COLUMBIA, Mo. - In this information age, it seems harder than ever to sort fact from fiction.
This is especially true when it comes to politics and political advertisements.
ABC 17 News is working, in depth, to separate the truth from the spin.
We start by looking deeper into an advertisement running on the Networks of Mid-Missouri.
It’s a commercial by SMP, Senate Majority PAC, trying to convince you that state Attorney General Josh Hawley is not the best representation for Missourians in the U.S. Senate.
By its own description, SMP was “founded by experienced, aggressive Democratic strategists with one mission: To win Senate races.”
The commercial starts off saying, "It’s a secret texting app that makes messages disappear, but it’s no secret why our governor, facing scandal, would be using it.”
That’s true. Gov. Greitens and his staff were using the app Confide which deletes texts, pictures and videos right after they’re viewed by the recipient.
The governor and his staff claim they only used the app to set appointment and meeting times but say they did not use it for state business, although that’s now almost impossible to tell.
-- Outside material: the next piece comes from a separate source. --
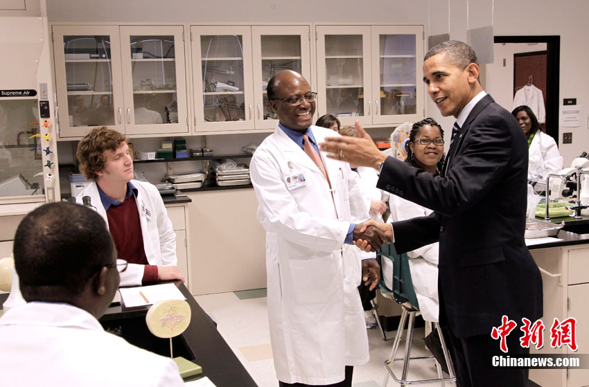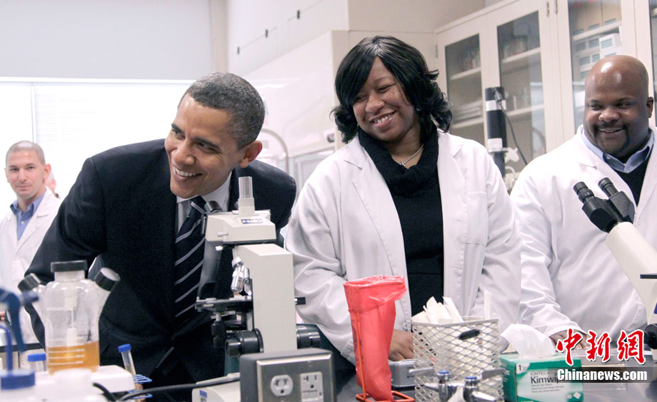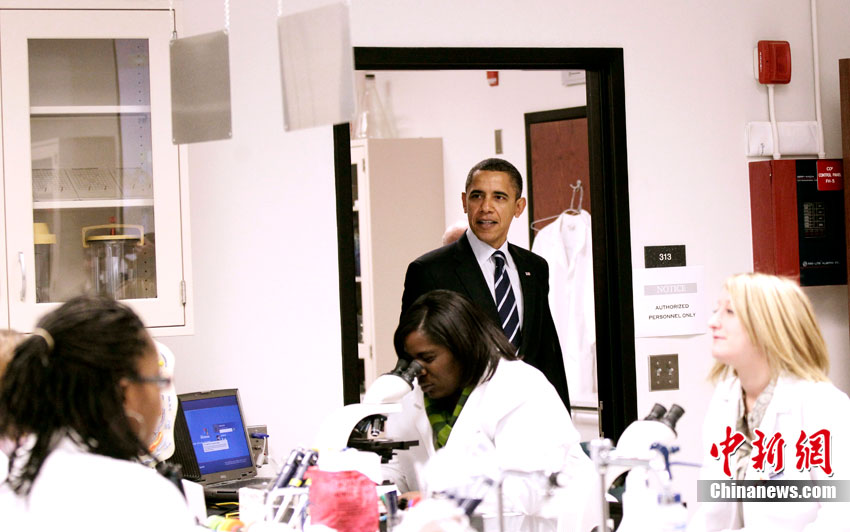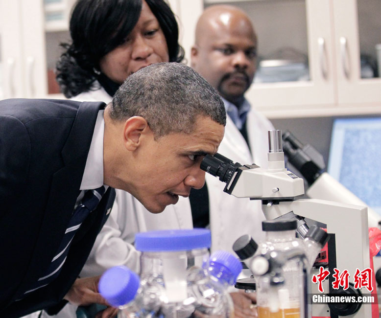 美國總統奧巴馬參觀社區大學試用顯微鏡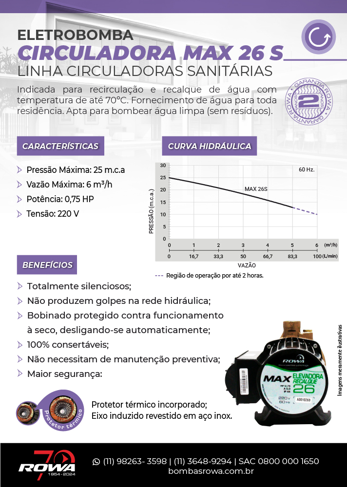 As bombas circuladoras da Rowa do Brasil são ideais para sistemas de recirculação e recalque de água fria e quente, com temperatura de até 70ºC. São compatíveis com centrais térmicas, sistemas de aquecimento solar e gás, e projetadas para o fornecimento eficiente de água em toda a residência.

Hawley launched an investigation into the use of the app.
The ad goes on to claim, "Editorials say it’s clear that evidence has been destroyed. But Attorney General Josh Hawley came to the governor’s rescue, proclaiming him innocent.”
This is partially true. “Editorials” say it’s true, but again, there’s really no hard evidence either way.
Hawley didn’t actually declare the governor “innocent,” he only said he could find no evidence of legal wrongdoing.
The commercial continues, "The same Josh Hawley who took almost $50,000 in contributions from Governor Greitens.”
This is true. During 2016, the Greitens for Governor campaign contributed about $2,000 in September, $5,000 on Oct. 4 and another $42,000 on Oct. 26. They were marked with the Missouri Ethics Commission as “in-kind” contributions -- meaning instead of cash, the contribution is in the form of goods and services such as consulting, polling services, supplies or advertisements.
The commercial closes by saying, "All Missourians should worry and we should be asking ourselves: is Josh Hawley bought and paid for? SMP is responsible for the content of this advertising."
While it’s true that SMP is responsible for the advertisement, the question of Mr. Hawley being "bought and paid for" will be decided by Missouri voters in August and November.